An exact copy is needed of the lines in the entries below from the line with "Як і на площі" up to and including the line with "تصویر کیف مدرسه،", and of nothing else. Leave the pictures out.

━━━━━━━━

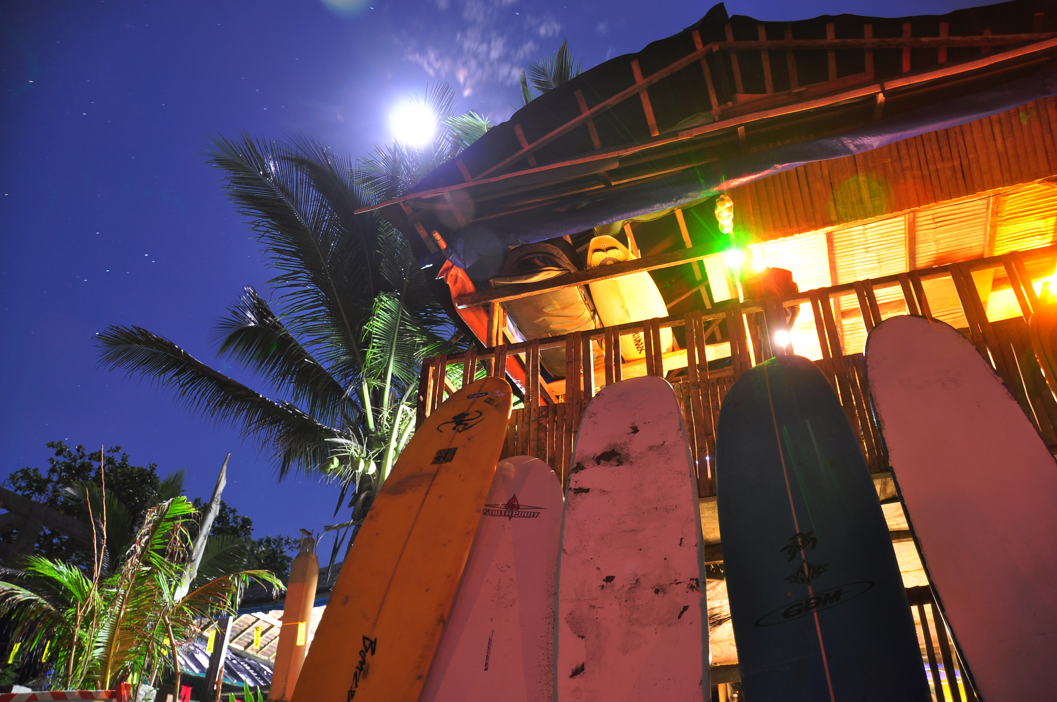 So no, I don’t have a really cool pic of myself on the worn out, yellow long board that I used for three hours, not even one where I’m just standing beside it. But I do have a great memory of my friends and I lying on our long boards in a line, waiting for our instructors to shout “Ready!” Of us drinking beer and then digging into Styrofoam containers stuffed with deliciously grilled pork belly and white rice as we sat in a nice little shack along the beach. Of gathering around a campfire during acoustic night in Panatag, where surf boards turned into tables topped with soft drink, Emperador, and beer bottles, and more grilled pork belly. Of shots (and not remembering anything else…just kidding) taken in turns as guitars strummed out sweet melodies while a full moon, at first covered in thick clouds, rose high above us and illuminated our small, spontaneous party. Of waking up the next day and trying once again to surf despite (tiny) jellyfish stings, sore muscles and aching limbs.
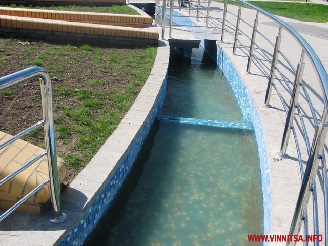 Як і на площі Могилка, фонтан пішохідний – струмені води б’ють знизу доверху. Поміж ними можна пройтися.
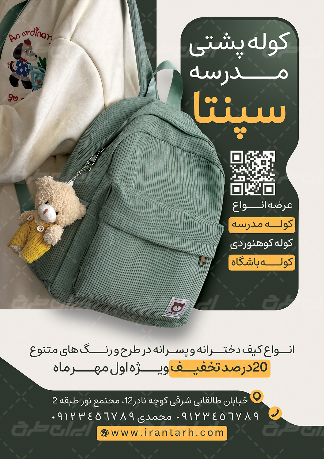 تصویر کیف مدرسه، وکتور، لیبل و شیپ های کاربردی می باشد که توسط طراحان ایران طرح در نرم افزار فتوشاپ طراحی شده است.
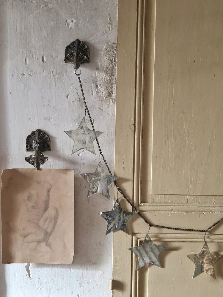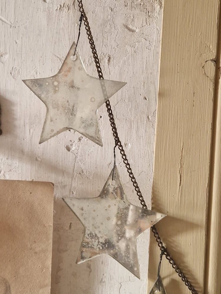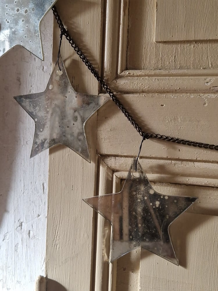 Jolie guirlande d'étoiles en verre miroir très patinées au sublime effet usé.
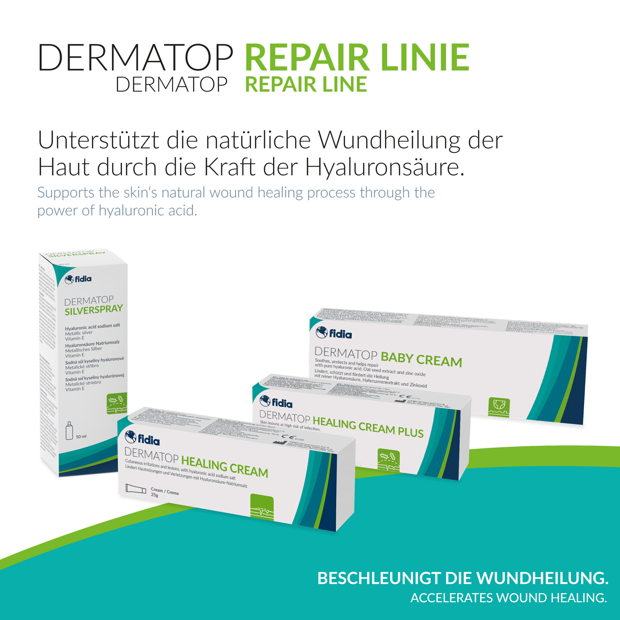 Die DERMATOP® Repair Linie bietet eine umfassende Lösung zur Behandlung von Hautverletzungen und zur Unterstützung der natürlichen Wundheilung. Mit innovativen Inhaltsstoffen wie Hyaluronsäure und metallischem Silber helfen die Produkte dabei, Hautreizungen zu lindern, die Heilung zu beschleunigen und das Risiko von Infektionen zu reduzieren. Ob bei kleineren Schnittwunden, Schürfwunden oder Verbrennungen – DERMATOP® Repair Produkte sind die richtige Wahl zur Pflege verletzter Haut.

━━━━━━━━

§ Response:
 Як і на площі Могилка, фонтан пішохідний – струмені води б’ють знизу доверху. Поміж ними можна пройтися.
 تصویر کیف مدرسه، وکتور، لیبل و شیپ های کاربردی می باشد که توسط طراحان ایران طرح در نرم افزار فتوشاپ طراحی شده است.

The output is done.